The Labour-led government may have found a way to create a ban on foreign home buyers without breaching the TPP, but its opposition to the ISDS may present a higher hurdle, as Sam Sachdeva reports.
One surprise about the Government’s confirmation of its plan to ban foreigners from buying existing houses was how effortlessly it seemed to sidestep its trade obligations.
Making the announcement, Prime Minister Jacinda Ardern and Trade and Export Growth Minister David Parker said the policy would not breach the TPP or any of its other existing trade deals, with the exception of Singapore.
However, an area where the Government will face greater difficulty is in its proposal to renegotiate the Investor State Dispute Settlement (ISDS) clauses in the TPP.
The ISDS provisions, which allow foreign investors to take action against a TPP country if they believe it has breached its investment rules, have proved controversial.
Labour’s coalition partners, New Zealand First and the Greens, have both explicitly opposed the ISDS provisions, and Ardern said the Government would “do our utmost” to amend the TPP accordingly in time for the Apec summit next week, while opposing ISDS provisions in any future FTAs.
ISDS changes a high hurdle
Stephen Jacobi, the executive director of the New Zealand International Business Forum, says he is more concerned about the Government’s opposition to the ISDS than its ban on foreign home purchases.
“They’re going to have to make a big call…[the ISDS] is something that’s a core aspect of the agreement, it’s one that would benefit New Zealand companies.”
Jacobi says the intent of the ISDS is not give foreign companies greater rights than New Zealand companies but the same rights, and vice versa overseas, given judicial systems in some countries often discriminate against foreign companies.
“That wouldn’t be the case in New Zealand, I understand that, but it is often the case overseas.”
Jacobi is sceptical that New Zealand could win any meaningful changes, given the advanced stage of talks and the fear that the deal could fall over if exceptions start to be made.
“I’m very doubtful, because nobody will want to open up the negotiation and indeed it wouldn’t be in our interest to do so.”
One potential option for New Zealand is to write to each of the other TPP members, asking them to agree that the ISDS provisions would not apply between them.
That was what the previous Government did with Australia: a side letter between the two countries, signed at the same time as the main TPP deal, agreed that investors from either Australia or New Zealand would not be able to use the ISDS against their respective countries.
With Ardern and Parker indicating other countries may share New Zealand’s concerns, that may the best route to win carve-outs without requiring a full renegotiation.
However, Jacobi says it is far from clear whether other countries may be willing to follow in Australia’s footsteps.
“I just don’t know the answer to that - it’s conceivable they may, but it’s probably unlikely.”
Protection or problem?
National finance spokesman Steven Joyce on Tuesday defended the previous government’s approach to the ISDS, saying the mechanism was as protective of Kiwi companies as it was of foreign companies.

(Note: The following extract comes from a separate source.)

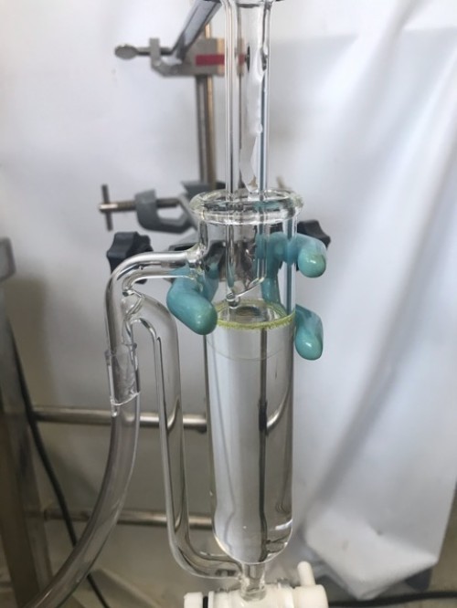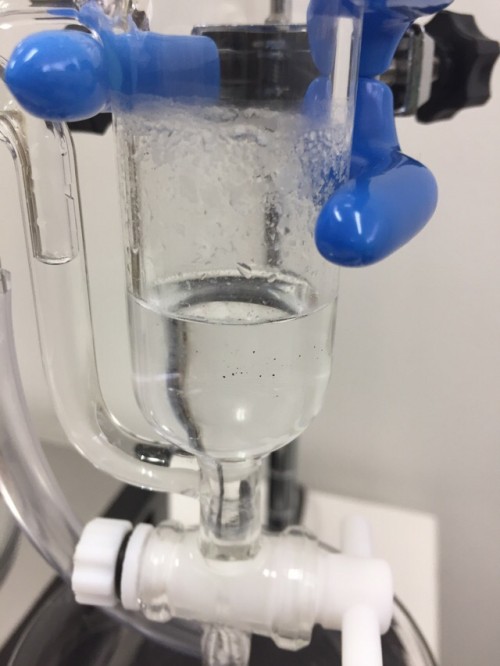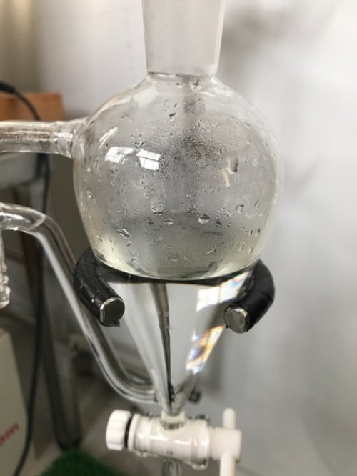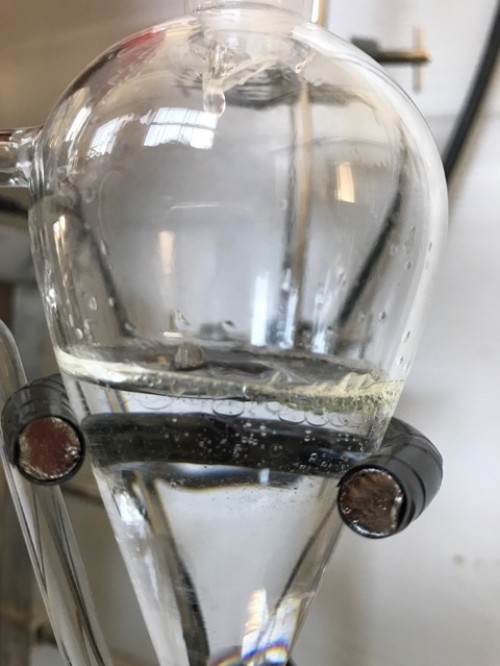 カンラン科の植物 フランキンセンスの木からとれる樹脂(粒状)の蒸留です。フラスコ内を撹拌すためスターラーを使用しピュアスティーラーミニで煮出し蒸留しました。加水は800ml.。透明なオイルが採れました。

“In fact, New Zealand is probably the least of other countries’ concerns in some way because we have good strong jurisdictions, good law courts, all those sorts of things that are very independent sorts of things that investors look for.
“Ultimately investor state dispute resolution is about when you have a state which acts in a way that is not telegraphed to look forward to, so those resolution processes are actually of more benefit to New Zealand companies operating in other countries, which perhaps don't have the same level of independent judiciary and so on.”

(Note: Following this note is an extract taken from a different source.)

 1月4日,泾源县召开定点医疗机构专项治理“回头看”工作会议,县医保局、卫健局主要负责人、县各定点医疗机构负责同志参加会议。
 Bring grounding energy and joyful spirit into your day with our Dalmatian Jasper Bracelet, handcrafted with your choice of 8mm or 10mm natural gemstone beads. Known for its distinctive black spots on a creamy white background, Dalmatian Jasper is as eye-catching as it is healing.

Stephen Parry, the spokesman for anti-TPP group It’s Our Future, is less charitable about the provisions, praising Ardern for taking a tough line.

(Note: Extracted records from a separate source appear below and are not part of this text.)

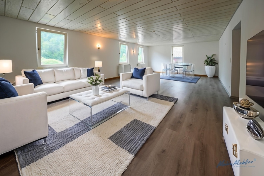 Willkommen in Ihrem neuen Zuhause! Diese frisch renovierte 7-Zimmer-Maisonettewohnung erstreckt sich über ca. 199 m² Wohnfläche und überzeugt durch ein großzügiges Raumangebot, moderne Ausstattung und einen traumhaften Ausblick ins Grüne.
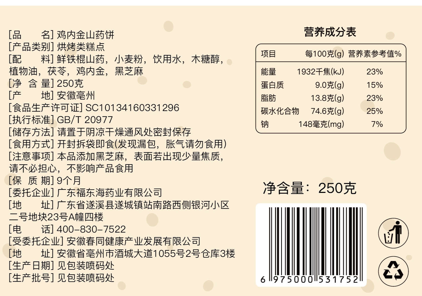 福东海 鸡内金山药饼250克/盒 宝宝健康零食饼干
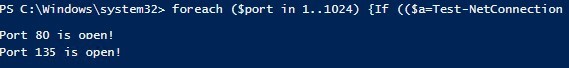 foreach ($port in 1..1024) {If (($a=Test-NetConnection srvfs01 -Port $port -WarningAction SilentlyContinue).tcpTestSucceeded -eq $true){ "TCP port $port is open!"}}
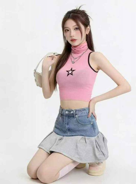 夏季新款日系甜美风复古牛仔拼接半身裙,独立包装带吊牌,可穿80--100斤左...
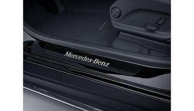 Хорошо выглядит и, в то же время, помогает лучше ориентироваться в темноте: черная сменная крышка с белой надписью «Mercedes-Benz» для накладки порога со светодиодной подсветкой. Сменная крышка убеждает не только простой установкой и точной посадкой, но также прочностью и долговечностью.

Parry says the TPP should be “put on ice” until the Government’s concerns can be addressed, rather than rushing ahead.
“The ISDS concerns are probably the sharp end of the TPPA as far as affecting the ability of governments to respond directly to public policy concerns.”
He says concerns about “unaccountable” tribunals making rulings, while putting corporations “on the same footing as the state”.
While the TPP’s ISDS provisions do provide exceptions for the Government to regulate on the grounds of public policy, Parry says there is concern they are not strong enough.
Then there is the “chilling effect”, where the ISDS provisions may weigh in policymakers’ minds as they consider potential legal action.
Stay or walk away?
Exactly what the Government will do it if it cannot secure changes to the ISDS are unclear, with Ardern saying she was “not going to expose our negotiation position” by confirming whether or not it would walk away from the TPP if it remained unchanged.
However, she seemed to foreshadow the challenges of securing change, saying: “I do acknowledge it will be difficult this late stage to achieve this outcome, but that will not stop us from trying.”
If the Government does move ahead with a TPP containing the ISDS, that seems likely to disappoint critics like Parry. If it pulls out, that will anger some exporters and free trade advocates.
It’s a difficult position to be in, but it seems unlikely the Government will spike the deal over the ISDS. Instead, it may have to claim it did the best it could, even if that does disappoint some of its supporters.